- **Record extracts**:
== Segment start ==
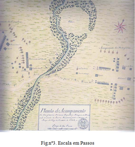 Hua cadea de arame, dividida por humas argolinhas de dez em dez palmos ou pés.Os lados se medirão no papel por hua linha dividida em partes iguais a que chamão Escala ou Petipé, a qual representa o mesmo género de medidas que forão tomadas no terreno, como por exemplo palmos, pés ou braças.
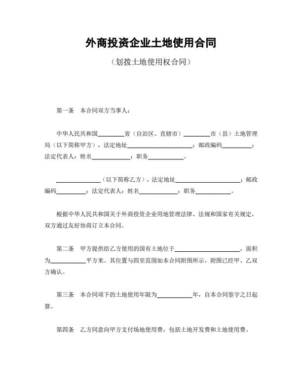外商投资企业土地使用合同(划拨土地使用权合同)
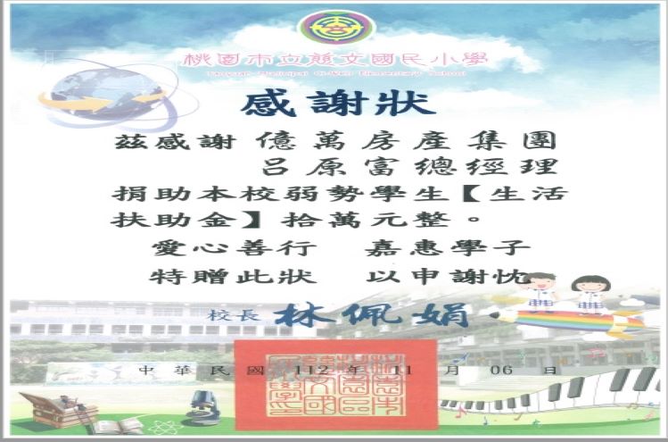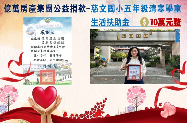 慈文國小-五年級清寒生-經濟弱勢生活扶助金10萬元整
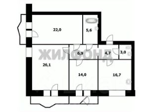 три спальни (26,1 м2, 14 и 12,2 м2), из большой спальни выход на застекленную лоджию, и смежных спален- также выход на лоджию.
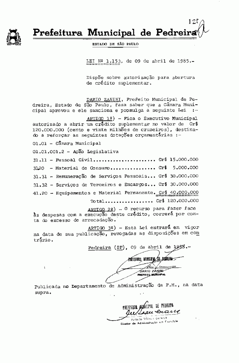 Ementa: Dispõe sobre autorização para abertura de crédito suplementar.
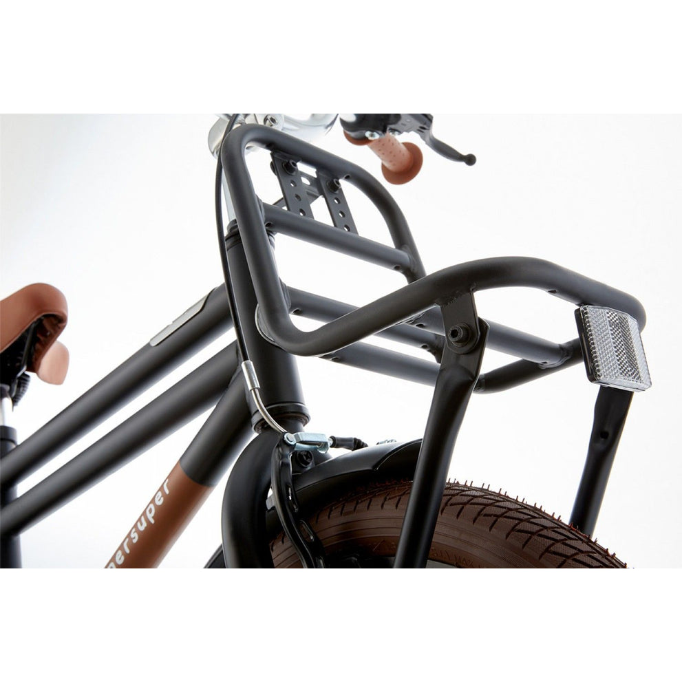 Op zoek naar een stoere jongensfiets die tegen een stootje kan? De Supersuper Cooper Jongensfiets Mat Zwart is precies wat je nodig hebt. Deze fiets combineert een stevig stalen frame met aluminium velgen, waardoor hij niet alleen sterk maar ook licht in gebruik is. Perfect voor jonge fietsers die hun eerste meters maken of al zelfstandig naar school gaan.
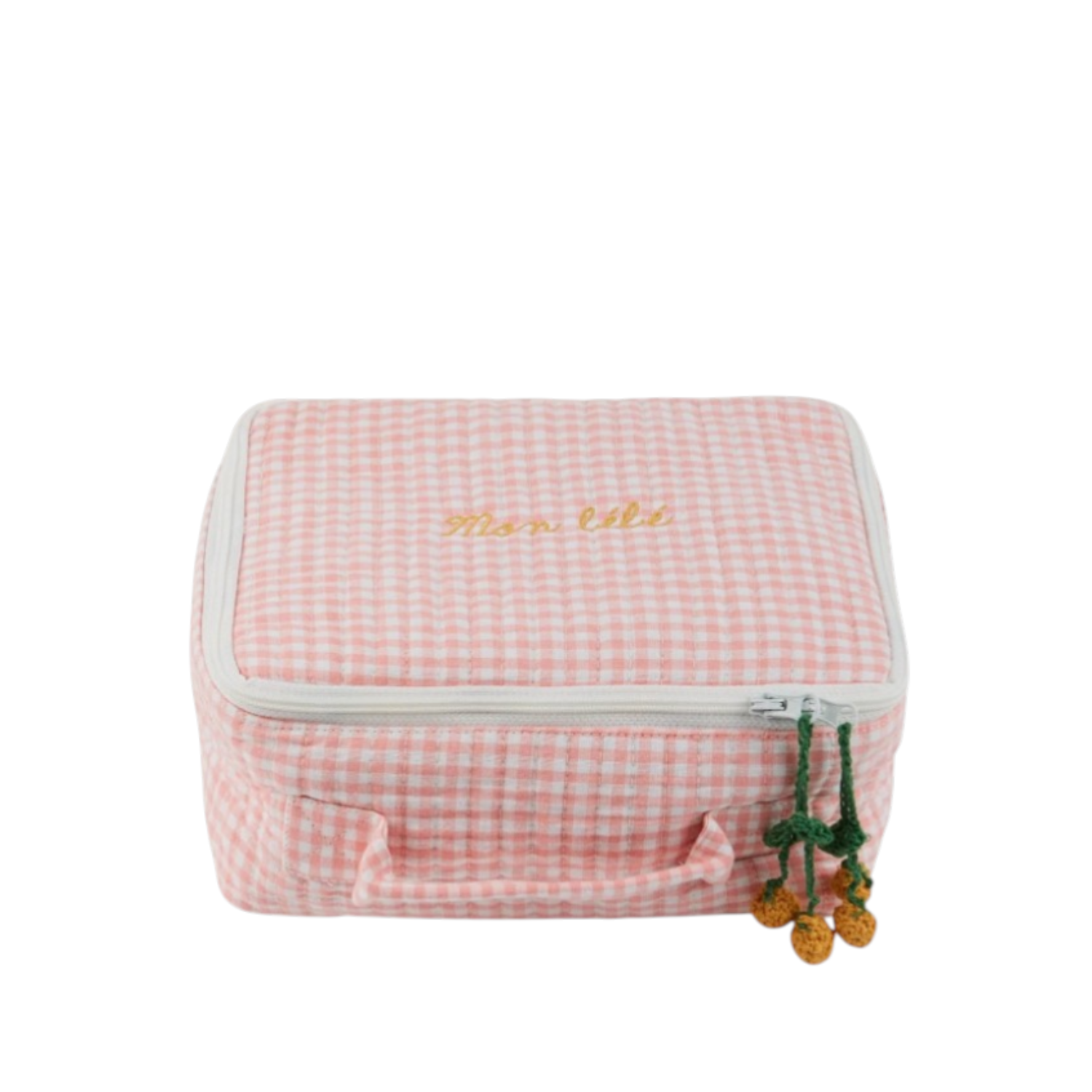 Baby Vanity pink Gingham. Pink and white gingham organic cotton toiletries bag. "Mon Bébé" embroidery brightens up the top of the bag. A lovely baby gift that's perfect for storing baby toiletries. Cotton handle. Quilted and topstitched. Three-sided zip closure with fruit pull tab. Lined with floral cotton. English stitching. Dimensions: 20 x 15 x 8 cm.
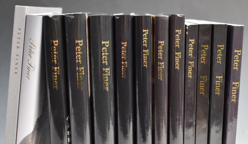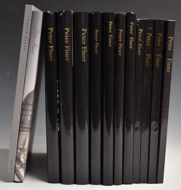 Thirteen Peter Finer arms & armour catalogues volumes 1-11, thee paperback and ten hardback.
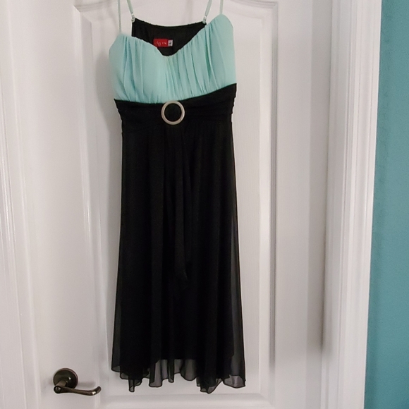 Worn 1x. Great condition. 100% polyester The blue color is between a baby blue and light mint color.
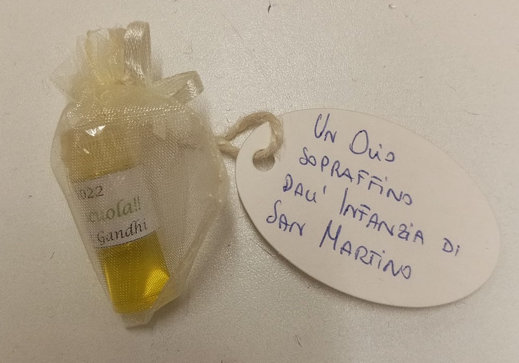 Lo scorso 7 novembre i bambini della scuola dell’infanzia “M. Gandhi” di S. Martino in Campo hanno vissuto l’esperienza della raccolta delle olive, inserita tra le manifestazioni del plesso e denominata “ AIUTAMI AD IMPARARE”. Supportati dalle insegnanti e da alcuni genitori e nonni i piccoli si sono adoperati affinché i frutti dell’ulivo del giardino della scuola fossero raccolti con dedizione, maestria e cura. Un percorso che ha fatto interiorizzare usi, costumi, tradizione, sapere nonchè le varie tappe che trasformano il frutto in olio. E’ stata creata per l’occasione un’etichetta ad hoc per l’ olio della scuola: “UN OLIO SOPRAFFINO DALL’INFANZIA DI S. MARTINO”
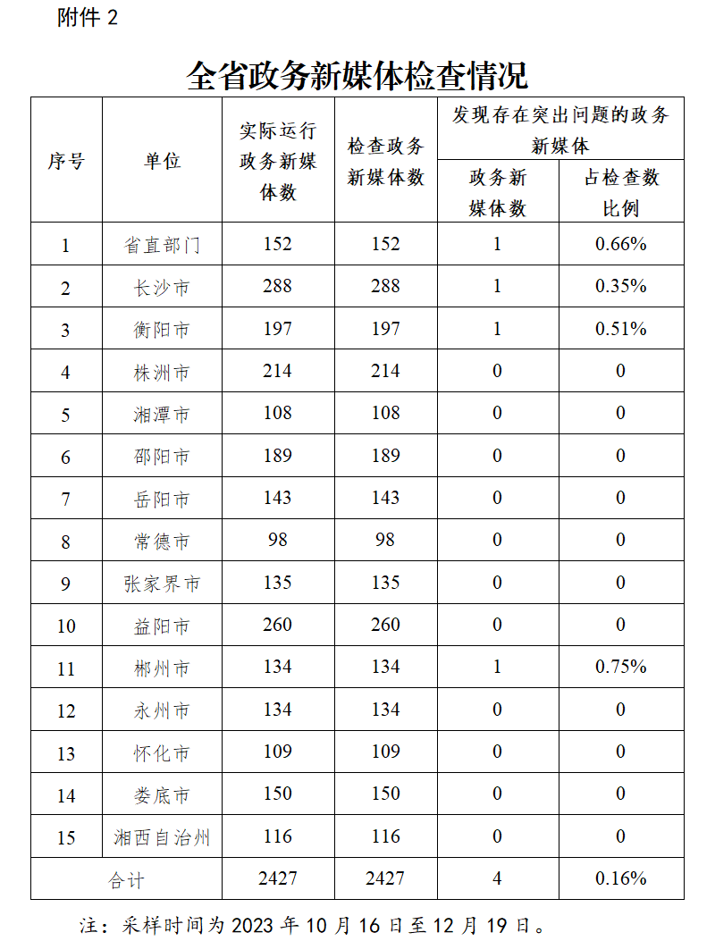株洲市、湘潭市、邵陽市、岳陽市、常德市、張家界市、益陽市、永州市、懷化市、婁底市、湘西自治州政務新媒體檢查合格率100%。
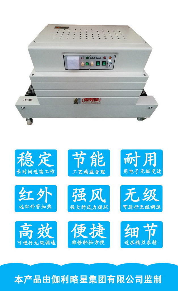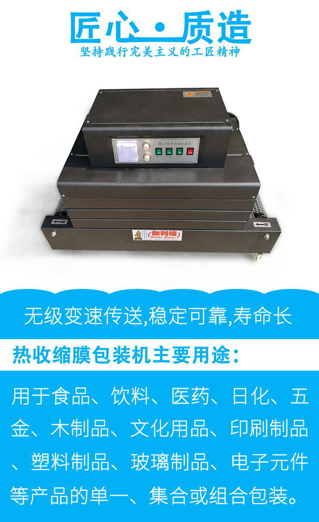 收縮包裝是目前國際市場上較先進的包裝方法之一。它是采用收縮薄膜包在產品或包裝件外面,然后加熱,使包裝材料收縮而裹緊產品或裝件,充分顯示物品的展銷性,以增加美觀及價值感;同時,經熱收縮機包裝后的物品能密封、防潮、防污染,并保護物品免受外部的沖擊,具有一定的緩沖性,此外,可減低產品被拆、被竊的可能性;收縮膜收縮時產生一定的拉力,故可把一組要包裝的物品裹緊,起到繩帶的捆扎作用,特別適用于多組物品的集合與托盤包裝,故本產品可廣泛用于各種小產品的包裝。廣泛應用于食品、飲料、醫藥、日化、五金、木制品、文化用品、印刷制品、塑料制品、玻璃制品、電子元件等產品的單一、集合或組合包裝。
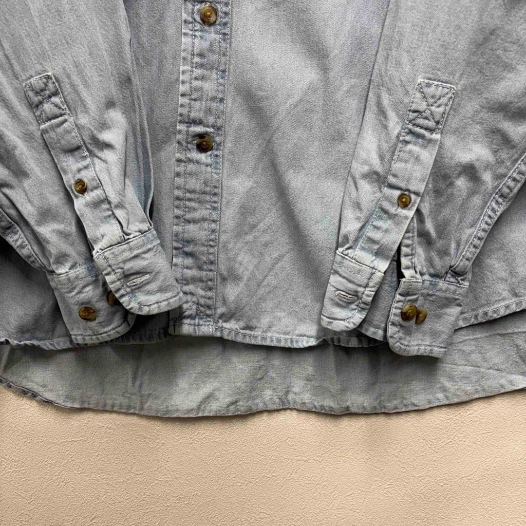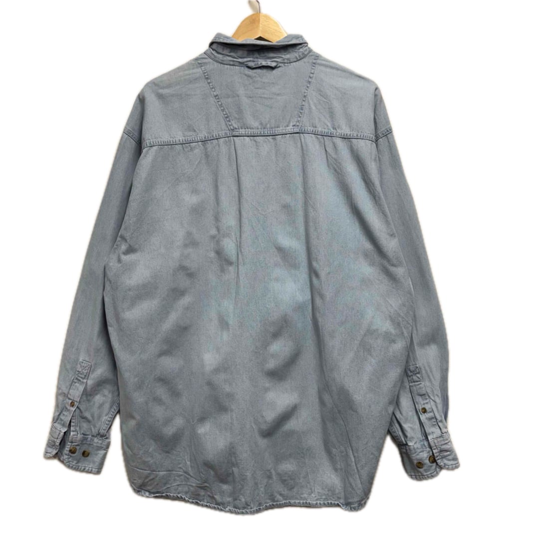 デニムシャツ 刺繍ロゴ ドルフィン 水色 メンズXL 90s
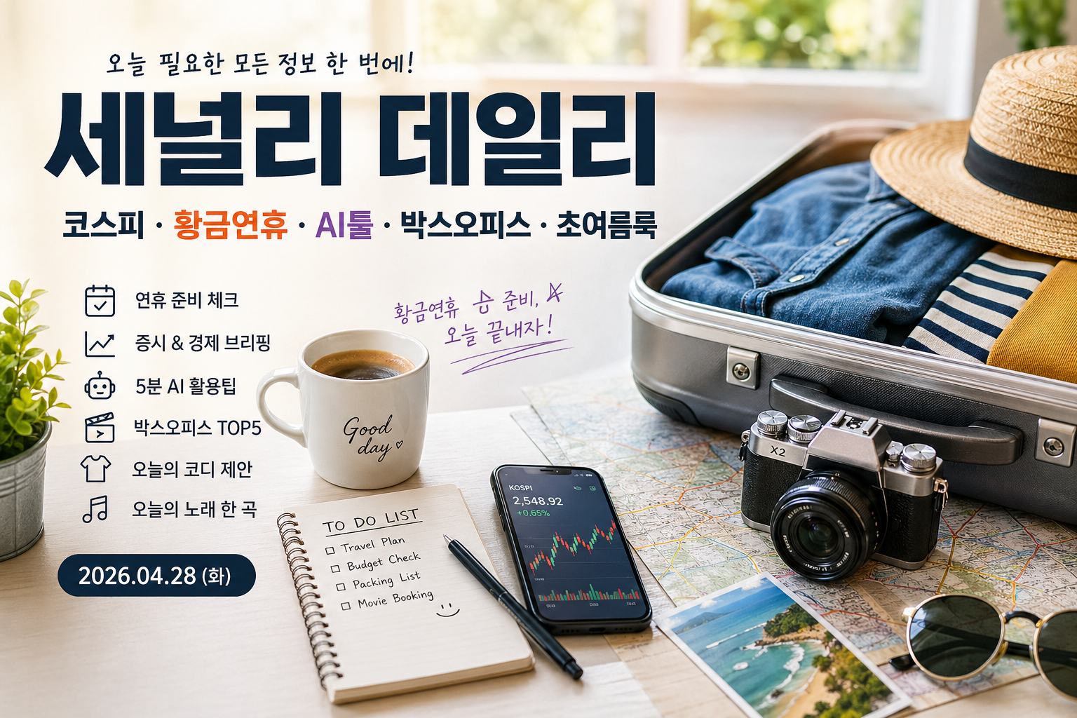 황금연휴·코스피 6615·박스오피스 TOP5·AI툴·초여름룩… 세널리 데일리 2026.04.28
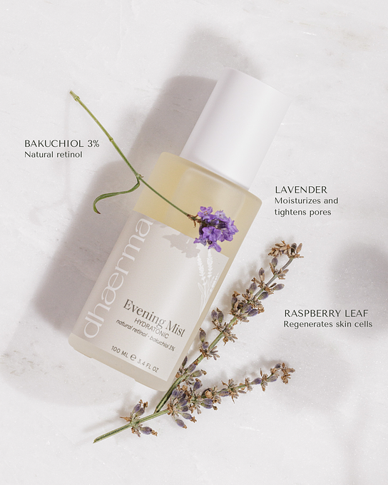 Lavandula Angustifolia (Lavender) Hydrosol Water, Rubus Idaeus (Raspberry Leaf) Hydrosol Water, Psoralea Corylifolia (Bakuchiol) Extract, Propanediol, Ethylhexyl Glycerin, Potassium Sorbate (to preserve).
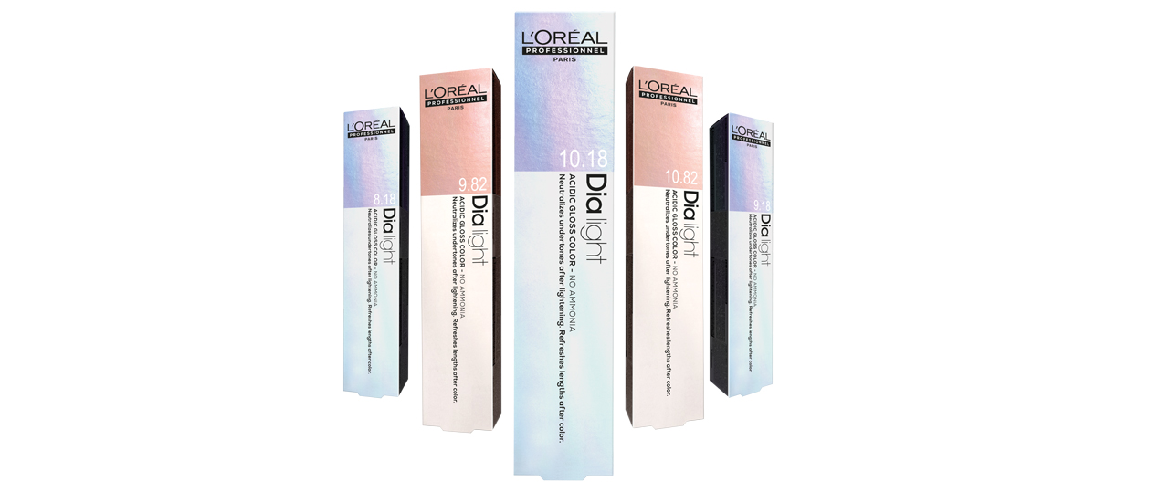 Die neue Balayage-Veredelung von L'Oréal Professionnel Paris basiert auf der sogenannten Double Face Framing-Technik. Zur Wahl stehen fünf verschiedene Dia light Pearl Nuancen - zwei irisierenden und drei kühlen Beigetöne.
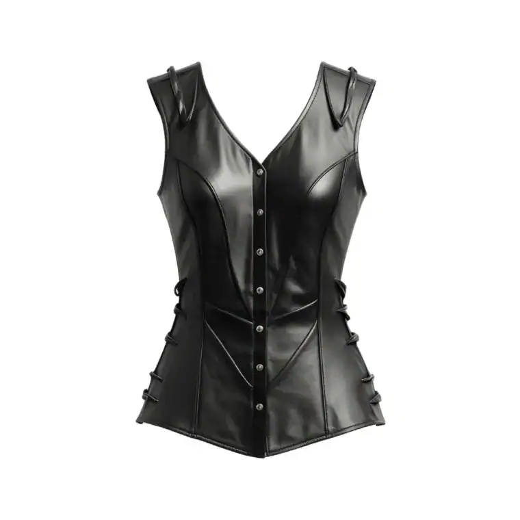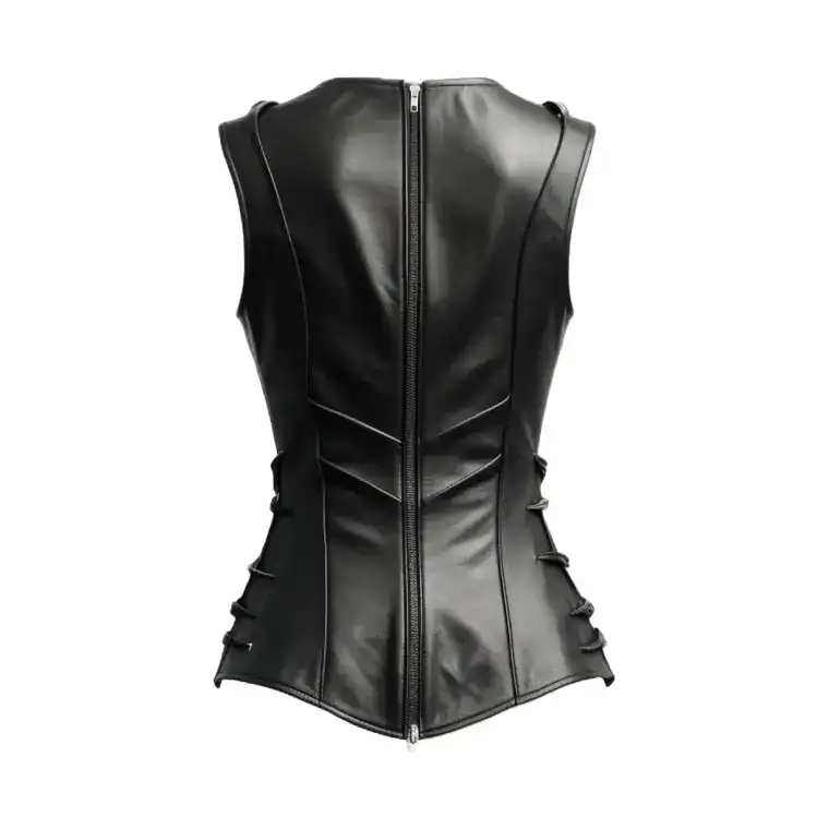 Designed as a button closure leather vest, it features lace-up side detailing and shoulder straps that add character while allowing subtle fit adjustments. The back zipper enhances security and structure without disrupting the clean front profile.
== Segment end ==
Please output the lines above beginning at the line with "慈文國小-五年級清寒生-經濟弱勢生活扶助金10萬元整" and ending after the line with "Ementa: Dispõe sobre", precisely as written and with no pictures.

 慈文國小-五年級清寒生-經濟弱勢生活扶助金10萬元整
 три спальни (26,1 м2, 14 и 12,2 м2), из большой спальни выход на застекленную лоджию, и смежных спален- также выход на лоджию.
 Ementa: Dispõe sobre autorização para abertura de crédito suplementar.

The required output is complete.